Frank Jackson, then 51, was used to the B-52s flying low over his hogan near John Ford's Point, named for the director of iconic John Wayne Westerns filmed in Monument Valley, including "Stagecoach" and "The Searchers."

He didn't hesitate to take a young reporter to the base of Hunts Mesa and lead him up a trail that he said no non-Indian had been allowed on before. I marveled at how Jackson, wearing dress pants and black, smooth-soled shoes, flew up the cliffs and seemed to defy gravity as he leaned into the wind while rounding sandstone rock domes. Near the top, he stopped. I was on my own, he said. He would wait for me.

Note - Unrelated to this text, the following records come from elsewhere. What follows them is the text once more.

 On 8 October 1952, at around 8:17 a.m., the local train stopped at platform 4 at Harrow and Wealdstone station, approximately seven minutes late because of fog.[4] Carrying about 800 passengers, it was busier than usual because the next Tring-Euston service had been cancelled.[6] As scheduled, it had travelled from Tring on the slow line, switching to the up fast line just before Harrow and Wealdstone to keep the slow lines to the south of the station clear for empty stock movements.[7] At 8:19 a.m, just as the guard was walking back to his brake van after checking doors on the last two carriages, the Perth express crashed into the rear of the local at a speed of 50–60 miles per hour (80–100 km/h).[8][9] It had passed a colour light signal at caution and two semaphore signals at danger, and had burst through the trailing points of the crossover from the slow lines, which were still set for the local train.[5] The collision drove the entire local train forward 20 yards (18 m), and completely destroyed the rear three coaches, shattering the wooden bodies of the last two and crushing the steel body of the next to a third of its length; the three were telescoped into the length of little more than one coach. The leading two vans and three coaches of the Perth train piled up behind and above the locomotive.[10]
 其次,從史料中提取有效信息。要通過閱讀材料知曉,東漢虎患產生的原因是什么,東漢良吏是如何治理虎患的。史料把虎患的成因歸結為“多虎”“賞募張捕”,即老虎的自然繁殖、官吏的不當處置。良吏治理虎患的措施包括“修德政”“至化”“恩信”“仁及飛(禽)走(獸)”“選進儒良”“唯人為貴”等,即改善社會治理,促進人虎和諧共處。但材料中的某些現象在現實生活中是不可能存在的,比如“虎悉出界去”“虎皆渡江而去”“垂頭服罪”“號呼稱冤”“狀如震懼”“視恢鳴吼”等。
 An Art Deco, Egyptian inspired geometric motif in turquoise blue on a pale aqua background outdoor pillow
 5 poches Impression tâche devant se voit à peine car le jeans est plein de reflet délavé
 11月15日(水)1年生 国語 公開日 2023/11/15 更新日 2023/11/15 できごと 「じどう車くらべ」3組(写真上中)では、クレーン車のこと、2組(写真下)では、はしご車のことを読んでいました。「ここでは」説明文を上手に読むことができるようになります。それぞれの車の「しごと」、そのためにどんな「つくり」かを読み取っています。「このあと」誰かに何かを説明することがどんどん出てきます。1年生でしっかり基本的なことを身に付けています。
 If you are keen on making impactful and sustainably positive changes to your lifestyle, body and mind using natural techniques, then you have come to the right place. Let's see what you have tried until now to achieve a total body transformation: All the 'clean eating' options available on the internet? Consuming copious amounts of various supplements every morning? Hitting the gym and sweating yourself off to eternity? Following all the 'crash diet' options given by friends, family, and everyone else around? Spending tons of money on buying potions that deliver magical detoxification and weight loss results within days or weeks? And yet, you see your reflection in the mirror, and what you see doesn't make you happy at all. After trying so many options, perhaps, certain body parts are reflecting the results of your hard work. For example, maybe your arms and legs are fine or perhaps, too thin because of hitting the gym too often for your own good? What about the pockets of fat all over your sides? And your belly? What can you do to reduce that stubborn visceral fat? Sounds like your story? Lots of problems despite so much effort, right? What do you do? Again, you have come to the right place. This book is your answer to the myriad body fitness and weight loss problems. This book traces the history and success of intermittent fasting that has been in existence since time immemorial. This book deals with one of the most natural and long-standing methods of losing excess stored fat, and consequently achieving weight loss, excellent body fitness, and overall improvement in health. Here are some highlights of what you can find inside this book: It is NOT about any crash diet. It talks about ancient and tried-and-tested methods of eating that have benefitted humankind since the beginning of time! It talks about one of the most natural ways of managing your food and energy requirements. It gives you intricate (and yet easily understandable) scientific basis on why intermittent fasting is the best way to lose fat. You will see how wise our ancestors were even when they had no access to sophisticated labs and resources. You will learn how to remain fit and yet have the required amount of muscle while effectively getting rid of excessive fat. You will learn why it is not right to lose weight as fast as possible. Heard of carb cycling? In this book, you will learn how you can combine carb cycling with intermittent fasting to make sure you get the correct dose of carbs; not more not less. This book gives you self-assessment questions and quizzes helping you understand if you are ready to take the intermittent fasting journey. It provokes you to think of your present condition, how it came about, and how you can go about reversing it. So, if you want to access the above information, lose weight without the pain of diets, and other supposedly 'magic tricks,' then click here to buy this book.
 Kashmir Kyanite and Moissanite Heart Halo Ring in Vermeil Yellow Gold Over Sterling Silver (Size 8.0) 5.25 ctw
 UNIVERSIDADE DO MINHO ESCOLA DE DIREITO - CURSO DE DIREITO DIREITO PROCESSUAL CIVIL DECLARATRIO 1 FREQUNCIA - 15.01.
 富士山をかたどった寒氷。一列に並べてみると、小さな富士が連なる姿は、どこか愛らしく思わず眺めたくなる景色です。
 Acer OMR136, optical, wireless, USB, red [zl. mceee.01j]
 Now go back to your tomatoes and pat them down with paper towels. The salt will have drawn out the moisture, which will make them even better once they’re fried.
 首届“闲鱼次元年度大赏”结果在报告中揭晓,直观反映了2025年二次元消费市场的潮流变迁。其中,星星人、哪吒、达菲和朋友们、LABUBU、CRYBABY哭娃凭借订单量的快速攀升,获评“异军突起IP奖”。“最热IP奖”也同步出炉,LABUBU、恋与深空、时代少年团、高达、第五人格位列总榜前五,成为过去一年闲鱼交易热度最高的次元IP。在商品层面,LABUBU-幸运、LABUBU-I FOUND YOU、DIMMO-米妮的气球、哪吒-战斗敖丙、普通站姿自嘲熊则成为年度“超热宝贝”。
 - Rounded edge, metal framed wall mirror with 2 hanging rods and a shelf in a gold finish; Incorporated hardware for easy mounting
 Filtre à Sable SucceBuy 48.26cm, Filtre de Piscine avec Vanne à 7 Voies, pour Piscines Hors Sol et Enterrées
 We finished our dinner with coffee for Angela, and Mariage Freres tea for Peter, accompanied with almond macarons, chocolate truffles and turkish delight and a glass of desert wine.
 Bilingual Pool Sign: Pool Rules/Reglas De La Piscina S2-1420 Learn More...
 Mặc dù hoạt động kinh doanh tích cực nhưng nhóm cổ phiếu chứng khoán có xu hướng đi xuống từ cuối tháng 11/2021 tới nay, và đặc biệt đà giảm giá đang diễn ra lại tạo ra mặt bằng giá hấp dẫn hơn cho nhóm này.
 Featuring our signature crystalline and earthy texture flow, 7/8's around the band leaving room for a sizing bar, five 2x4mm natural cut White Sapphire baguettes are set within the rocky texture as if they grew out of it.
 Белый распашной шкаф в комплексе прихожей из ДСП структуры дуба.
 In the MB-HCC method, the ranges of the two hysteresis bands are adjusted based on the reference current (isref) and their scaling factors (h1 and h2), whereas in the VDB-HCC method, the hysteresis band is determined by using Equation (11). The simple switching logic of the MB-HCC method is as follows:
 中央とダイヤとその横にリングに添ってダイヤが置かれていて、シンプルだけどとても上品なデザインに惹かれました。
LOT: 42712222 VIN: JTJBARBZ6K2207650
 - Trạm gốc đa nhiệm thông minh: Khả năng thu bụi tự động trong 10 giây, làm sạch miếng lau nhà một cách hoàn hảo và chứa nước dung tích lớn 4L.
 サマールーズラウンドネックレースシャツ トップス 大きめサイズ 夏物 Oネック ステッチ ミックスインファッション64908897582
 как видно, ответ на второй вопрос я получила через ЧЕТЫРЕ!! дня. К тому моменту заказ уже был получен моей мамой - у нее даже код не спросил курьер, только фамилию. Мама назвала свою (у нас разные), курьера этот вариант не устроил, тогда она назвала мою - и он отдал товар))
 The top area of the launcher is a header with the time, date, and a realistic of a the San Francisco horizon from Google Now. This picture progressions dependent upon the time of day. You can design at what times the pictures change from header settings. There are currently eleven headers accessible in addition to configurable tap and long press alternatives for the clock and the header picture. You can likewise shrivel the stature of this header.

I had only a couple of hundred feet to go to top a ridge and photograph the crash site. But I only made it halfway before FBI personnel in a Jeep stopped and told me to go back the way I came, or be arrested. It was a journalistic near hit. The next day, I joined dozens of photographers and reporters, ferried by military helicopters to the crash site. My exclusive was gone.

* * *

A quarter-century later, I thought it might be difficult to find my old guide. I didn't even know if he was still alive. But when I arrived in Monument Valley, every Navajo I met was able to direct me to Jackson.

Jackson, in his late 70s, spends most days from dawn to dusk sitting on his trusty black mustang, Pistol, posing for mostly European tourists who snap his photo at John Ford's Point.

He makes a striking figure, decked out in his red, snap-button Western shirt, adorned with huge turquoise stones on his ring, wristband and bola tie. Pistol stands ramrod straight as the tourists mount him, or have their children mount him, for snapshots.

I was sad that Jackson didn't remember me, but he said that he has met thousands of visitors since the time of the B-52 crash.

"Four times I almost died from pneumonia," he said, adding that his back hurts and he has difficulty walking. He has another horse besides Pistol, but it is too large for him to mount anymore.

Despite his age and ailments, there was a confident pride in the way Jackson carried himself. As the sun began to set and the visitors returned to their tour Jeeps, Jackson rode Pistol along a well-worn trail across a sand dune, back to corral and hogan.

"I've been here all my life," Jackson said with a smile. "This is my property - my land."

Yozwiak is a former reporter, photographer and editor for The Arizona Republic. He now is the senior science writer for the Translational Genomics Research Institute.